*** Opening of RECORDS FOR THE EXERCISE ***

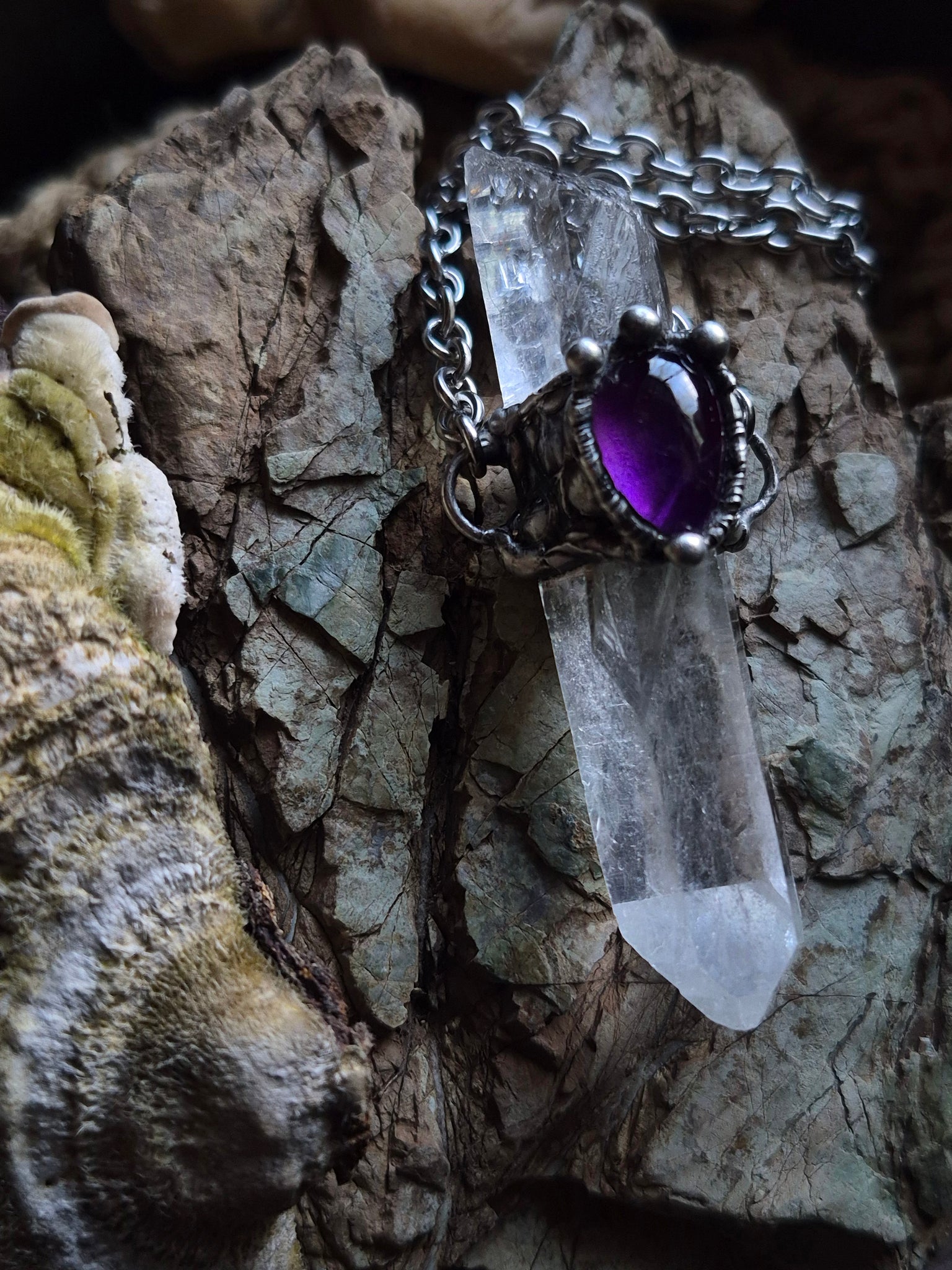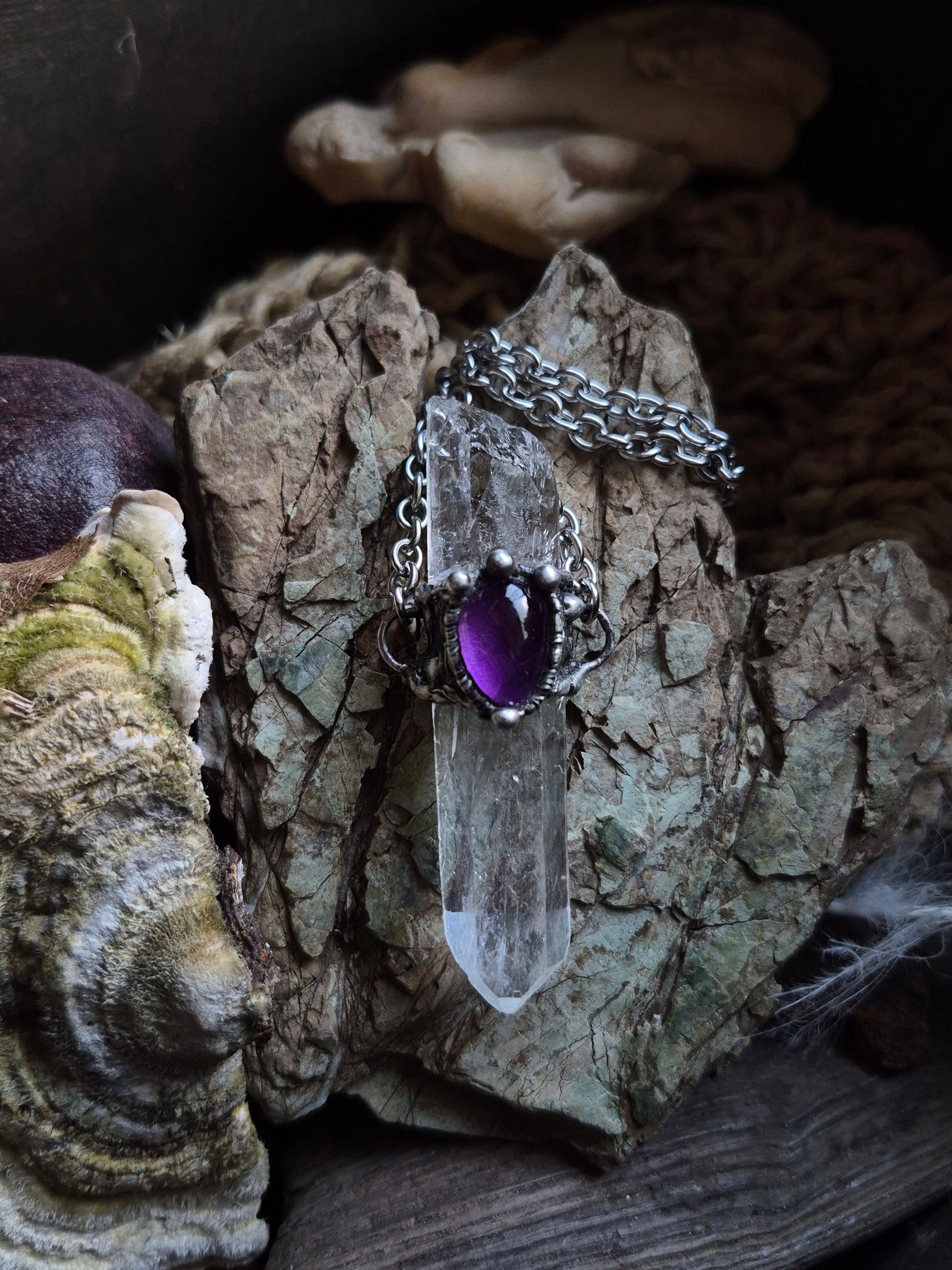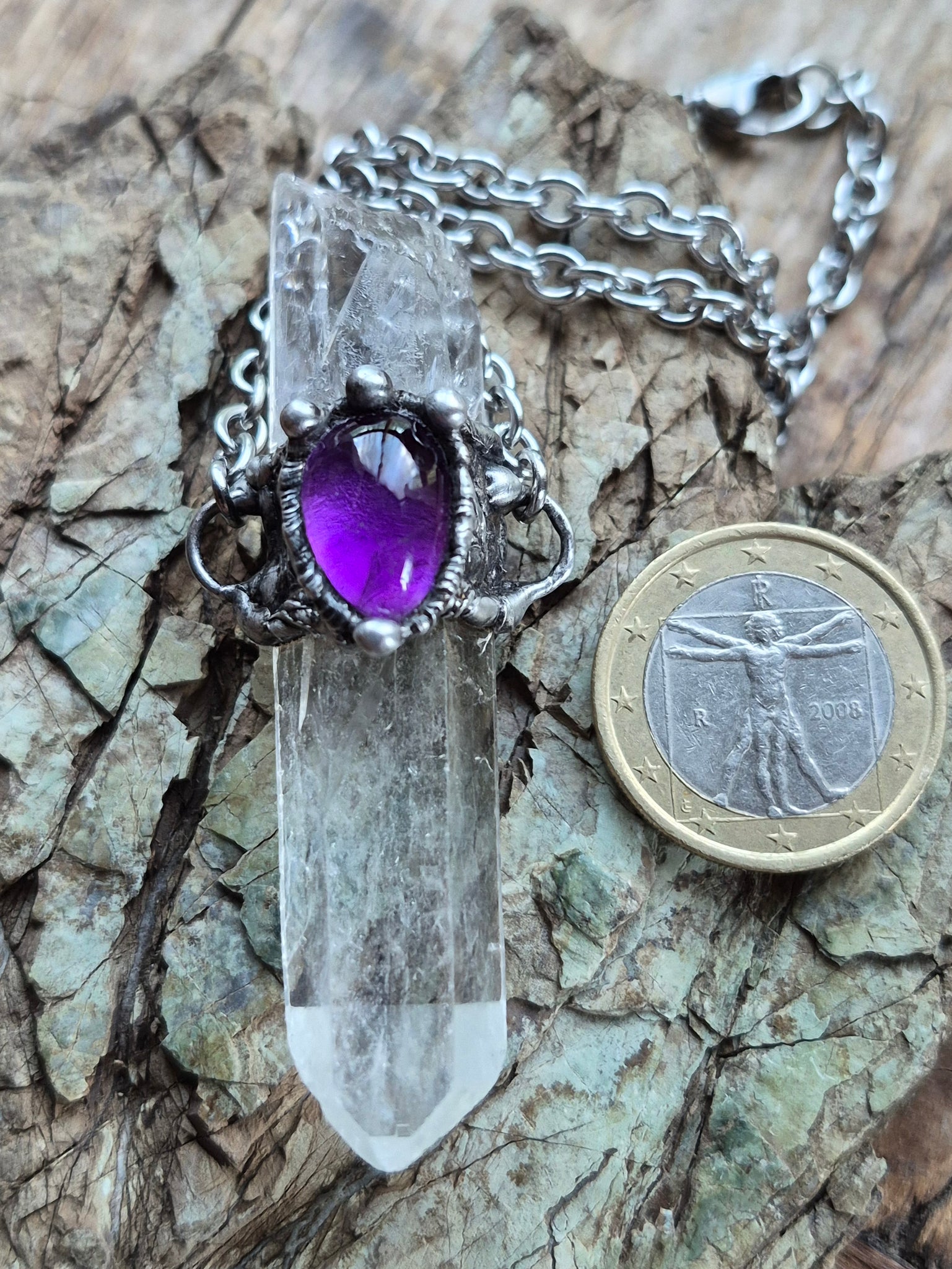 Il quarzo è avvolto da un intreccio organico di peltro, lavorato artigianalmente per sembrare materia viva, radici d'argento che emergono da un tempo dimenticato. Questo metallo, nobile e antico, non si limita a sorreggere; protegge e sigilla l'unione tra le pietre, conferendo all'amuleto un peso e una presenza che vibrano sulla pelle.
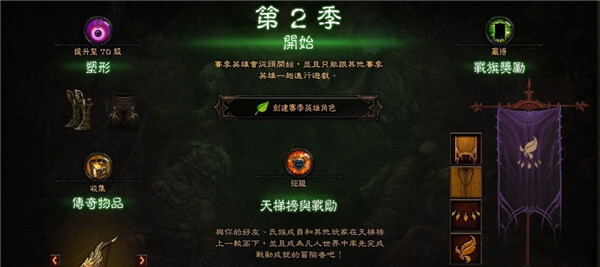 且看当下英雄辈出,第一赛季预计最早于2月初收官,不知各位的赛季征程进展如何?第二赛季将随2.1.2补丁同步开启。和第一赛季一样,第二赛季依旧准备了专属福利:独特的套装两件套幻化奖励、十件赛季限定传奇装备、一套包含外观与徽标的完整战旗,以及专属的天梯成就与战勋。同时,第二赛季还吸取了首赛季的经验进行优化:战旗不再是70级自动解锁,需完成赛季内特定成就方可获取;战勋设计更趋合理且富有挑战性,移除了70级竞速这类单一任务,新增了挑战BOSS、收集随机事件等全新内容。而在备受瞩目的赛季独占传奇装备中,武僧的爆裂掌主题护腕与秘术师的冰甲戒指尤为引人注目。
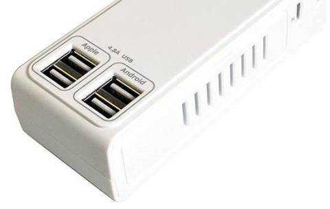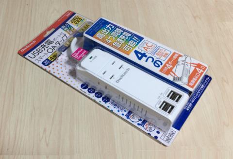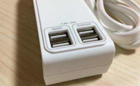 このタップを使えば、4つの「USB充電ポート」が確保出来るので大助かりです。
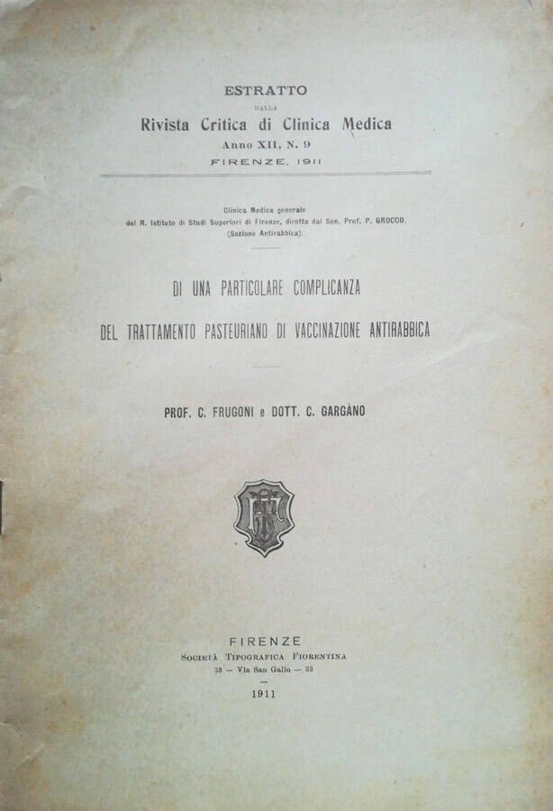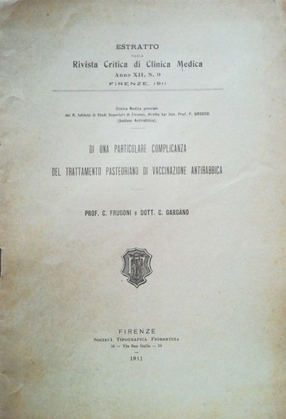 Di una particolare complicanza del trattamento pasteuriano di vaccinazione antirabbica | Libri antichi e moderni | Prof. C. Frugoni E Dott. C. Gargano
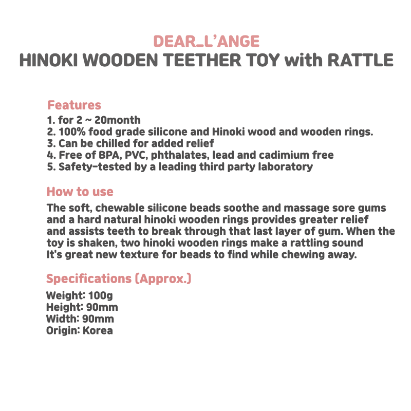 The soft, chewable silicone beads soothe and massages sore gums and a hard natural hinoki wooden ring provides greater relief and assists teeth to break through
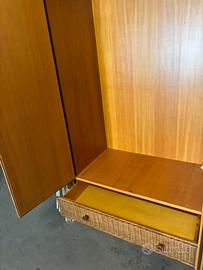 Armadio in legno e midollino ottimo stato alto 205 largo 103 profondità 57 con due cassetti 150 euro
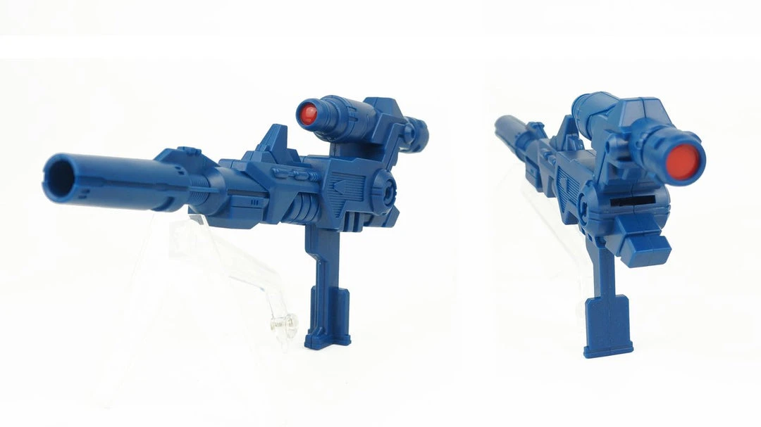 Professor Heisenberg’s SS01 Solution Set (Master Cleaver and Master Cannon) Forged from the hardest substance in space, master cleaver is the choice of weapon of the largest titans. This is the ultimate accessory for your collection. This newly designed sword is made of quality translucent plastic and measures approx. 46cm long. The sword can split into three different forms and sizes to fit smaller robots. Created from the same substance as the the Master Cleaver, the Master Cannon is the perfect companion to legendary sword. Legend has it that only the greatest of titans can unlock the full power of the cannon. This amazing accessory is made of quality plastic and measures approx. 23cm long. This weapon comes with a switch which allows for the cannon to be mounted to the back when not in use and also a fold in handle for attachment in base mode.
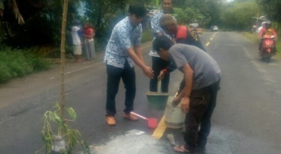 Jalan Nasional III yang Berlubang Dibangun Cara Swadaya
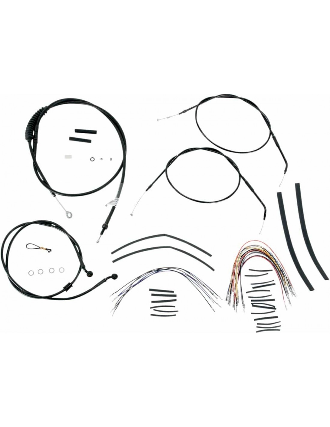 Burly BrandKit tubo/cavo manubrio completo in vinile per manubri Ape HangerKit di installazione completo per Burly Ape HangerI kit includono tubo freno prolungato, cavo/tubo frizione prolungato , cavi comando gas di andata/ritorno prolungati come richiesto e tutto il cablaggio necessarioI tubi freno, se inclusi, presentano un rivestimento interno in PTFE e una treccia esterna in acciaio inossidabile resistenteI kit Dresser riutilizzano il cablaggio Ride-By-Wire di serieI kit si basano sull'utilizzo di rialzi da 2” con manubri in stile Ape HangerInclude tubo freno a disco singolo esteso in treccia metallica, cavo frizione estesa, cavi comando gas estesi e tutto il cablaggio necessario
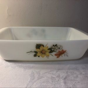 vintage JAJ Pyrex casserole dish with a lid in the Emily Spring Garden pattern.

*** Close of RECORDS FOR THE EXERCISE ***

**WORK REQUEST**
Extract all the data above exactly, excluding every picture.

**WRITTEN SOLUTION**
 Il quarzo è avvolto da un intreccio organico di peltro, lavorato artigianalmente per sembrare materia viva, radici d'argento che emergono da un tempo dimenticato. Questo metallo, nobile e antico, non si limita a sorreggere; protegge e sigilla l'unione tra le pietre, conferendo all'amuleto un peso e una presenza che vibrano sulla pelle.
 且看当下英雄辈出,第一赛季预计最早于2月初收官,不知各位的赛季征程进展如何?第二赛季将随2.1.2补丁同步开启。和第一赛季一样,第二赛季依旧准备了专属福利:独特的套装两件套幻化奖励、十件赛季限定传奇装备、一套包含外观与徽标的完整战旗,以及专属的天梯成就与战勋。同时,第二赛季还吸取了首赛季的经验进行优化:战旗不再是70级自动解锁,需完成赛季内特定成就方可获取;战勋设计更趋合理且富有挑战性,移除了70级竞速这类单一任务,新增了挑战BOSS、收集随机事件等全新内容。而在备受瞩目的赛季独占传奇装备中,武僧的爆裂掌主题护腕与秘术师的冰甲戒指尤为引人注目。
 このタップを使えば、4つの「USB充電ポート」が確保出来るので大助かりです。
 Di una particolare complicanza del trattamento pasteuriano di vaccinazione antirabbica | Libri antichi e moderni | Prof. C. Frugoni E Dott. C. Gargano
 The soft, chewable silicone beads soothe and massages sore gums and a hard natural hinoki wooden ring provides greater relief and assists teeth to break through
 Armadio in legno e midollino ottimo stato alto 205 largo 103 profondità 57 con due cassetti 150 euro
 Professor Heisenberg’s SS01 Solution Set (Master Cleaver and Master Cannon) Forged from the hardest substance in space, master cleaver is the choice of weapon of the largest titans. This is the ultimate accessory for your collection. This newly designed sword is made of quality translucent plastic and measures approx. 46cm long. The sword can split into three different forms and sizes to fit smaller robots. Created from the same substance as the the Master Cleaver, the Master Cannon is the perfect companion to legendary sword. Legend has it that only the greatest of titans can unlock the full power of the cannon. This amazing accessory is made of quality plastic and measures approx. 23cm long. This weapon comes with a switch which allows for the cannon to be mounted to the back when not in use and also a fold in handle for attachment in base mode.
 Jalan Nasional III yang Berlubang Dibangun Cara Swadaya
 Burly BrandKit tubo/cavo manubrio completo in vinile per manubri Ape HangerKit di installazione completo per Burly Ape HangerI kit includono tubo freno prolungato, cavo/tubo frizione prolungato , cavi comando gas di andata/ritorno prolungati come richiesto e tutto il cablaggio necessarioI tubi freno, se inclusi, presentano un rivestimento interno in PTFE e una treccia esterna in acciaio inossidabile resistenteI kit Dresser riutilizzano il cablaggio Ride-By-Wire di serieI kit si basano sull'utilizzo di rialzi da 2” con manubri in stile Ape HangerInclude tubo freno a disco singolo esteso in treccia metallica, cavo frizione estesa, cavi comando gas estesi e tutto il cablaggio necessario
 vintage JAJ Pyrex casserole dish with a lid in the Emily Spring Garden pattern.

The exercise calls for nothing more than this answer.